Both the airline and the aircraft maker are charged in France with involuntary homicide for the crash that killed all 228 on board.
According to French accident investigators the accident occurred when poorly trained pilots reacted exactly as they should not have by pointing the plane's nose up instead of down when it stalled over the Atlantic.
However, the report also noted that the aircrew was dealing with bad weather, faulty sensors, incoherent speed readings, and a cacophony of alarms.
Compare the fatal Air France crash with the US Airways crash into the Hudson.
The difference, if the French government agency is to be believed, can be summed up in one word:
T R A I N I N G
The difference between an efficient and expeditious recovery and an over-budget, over-time recovery can be summed up in the same word.
Training - exercises - cannot be emphasized enough.
The problem is that a person knowing how to perform day-to-day operations may not - indeed, probably will not - know how to perform "similar" functions when responding to an event.
I discovered while working for a former top-tier defense contractor that things taken for granted can sometimes foul up the works.
For example, rebuilding a computer.
- Where is the media?
Where are the licenses if needed?
Where are the installation instructions? (They should be in the Plan document, but . . .)
By the way, if restoration depends on Internet-accessible information, how can the Internet be accessed if the data center is ash? Run to Starbucks for WiFi connectivity?

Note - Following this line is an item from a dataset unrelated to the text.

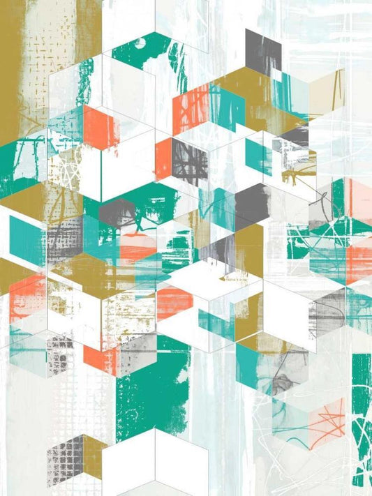 Box Grid I White Modern Wood Framed Art Print with Double Matting by Goldberger, Jennifer

Capt. Chesley "Sully" Sullenberger and his US Airways crew drilled and drilled and drilled some more on emergency situations to the point that the flight deck crew knew when to believe or ignore instrumentation.
Granted, the US Airways flight was not well off-shore over an ocean and not at altitude - had those conditions been the case, the flight might have ended tragically, but perhaps not.

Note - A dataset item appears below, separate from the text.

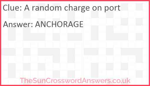 A random charge on port is a crossword clue for which we have 1 possible answer and we have spotted 1 times in our database. This crossword clue was last seen on 15 December 2024 in The Sun Cryptic Crossword puzzle!

When Canada moved from Imperial gallons to liters, there was a foul-up on a Boeing's fuel capacity.
On a cross-country flight, the jet's tanks ran dry.

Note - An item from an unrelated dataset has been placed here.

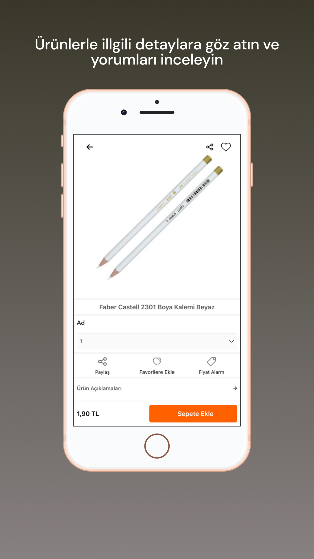 Beğendiğiniz ürünleri favorilerinize atarak takip edin. Fiyat alarmı sayesinde favori ürünlerinizde indirim olduğunda ilk siz haberdar olun.

But because the pilot was well trained, he managed to glide the aircraft safely to the ground from its normal altitude of 30-plus thousand feet. (Its glide ratio of 17:1 is about 17 feet forward for every 1 foot in altitude.)
Actually that was "no big deal"; the space shuttles glide in from a much higher altitude. (Glide ratio is about 1:1)
In all three cases, US Airways, the Canadian jet, and the space shuttles, the one thing that these crews had that, apparently, the Air France crew lacked was TRAINING.
Not training to snooze through a routine, mostly on auto-pilot flight, but training to handle complex and unusual situations.
Not training to come into an office, turn on a computer and use a special phone in a call center, but training to go to an alternate site and perhaps use a pencil and paper to record call activity until IT can restore links to a database.
Exercises can be expensive - they take personnel away from their "real" jobs for the duration - but in the long run, exercises can be the difference between a successful, rapid recovery and no recovery.
After thought. Experience also pays handsome dividends when engaging a risk practitioner, someone who knows where to look for threats to "business as usual."